Since no enzymatic activities have been assigned to Cdc45 and GINS, it is likely that these factors play rather structural roles at the replication fork. Cdc45 and GINS have been on the one hand proposed as MCM2-7 helicase cofactors that form together the CMG unwindosome, and on the other hand as bridging factors between the replicative helicase and DNA polymerases. They not only seem to coordinate helicase and DNA polymerases action but may also retrieve and integrate signals from several pathways to uncouple the CMG helicase from the Pols δ and ɛ.

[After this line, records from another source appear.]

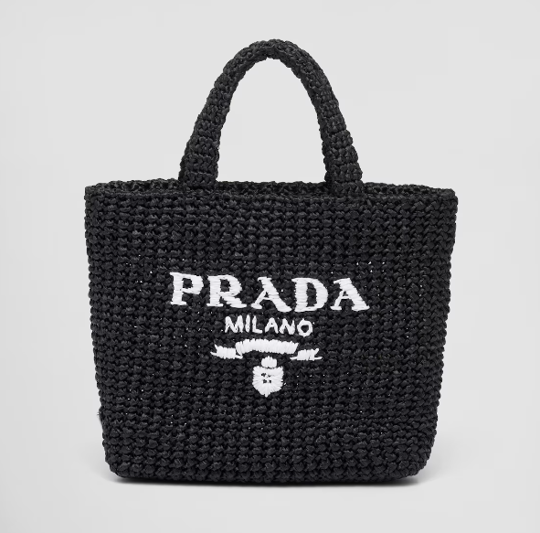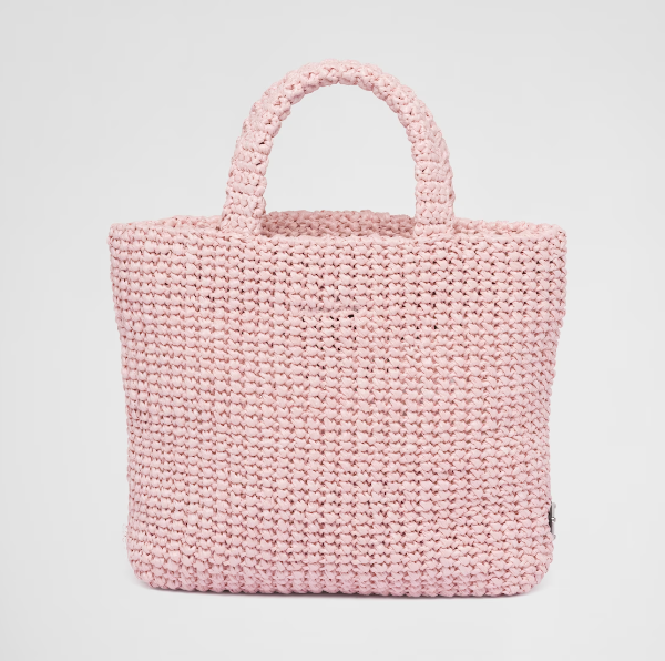 가벼운 천연 소재 라피아 원사로 제작된 토트백이다. 크로셰 기법이 적용되어 한층 부드럽고 포근한 분위기를 선사해준다. 전면에는 엠보싱 처리된 프라다 레터링 로고가 새겨져 있으며 측면에는 브랜드의 시그너처인 에나멜 메탈 트라이앵글 로고가 장식되어 있다.
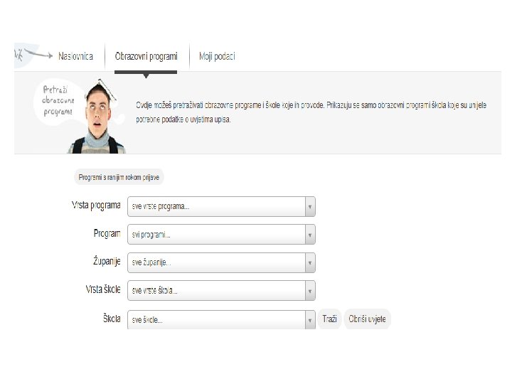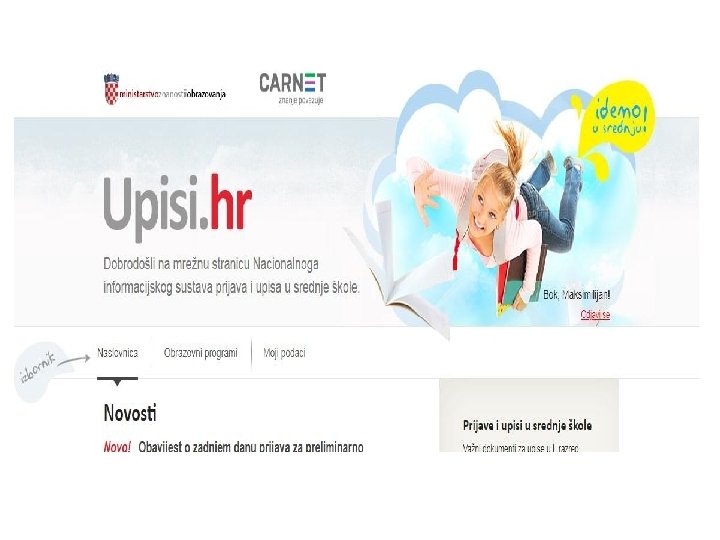 Nacionalni informacijski sustav prijava i upisa u srednje škole • www. upisi. hr • svaki učenik dobiva svoj elektronički identitetkorisničko ime, lozinka, PIN • prijava od 25. svibnja • provjera ocjena i osobnih podataka • 26. lipnja- počinje prijava obrazovnih programa
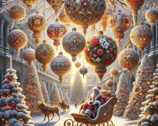 A large, expressive woman's face rises from a vibrant landscape of fruits and vegetables, with corn in her mouth. In the background, a small figure tosses food joyfully. A wooden table in the foreground is filled with dishes as four people share a whimsical meal under soft clouds and a sunset sky, blending surreal charm with playful dining.

Despite the picture emerging for the initiation and its regulation, major challenges are left for the future: the mechanisms of the regulatory switch in metazoan initiation are still to be elucidated, the structural understanding of the initiation complex is still rudimentary, and the interplay between initiation and checkpoint control awaits to be defined in detail. These and many other unresolved issues will provide topics for many years of DNA replication research.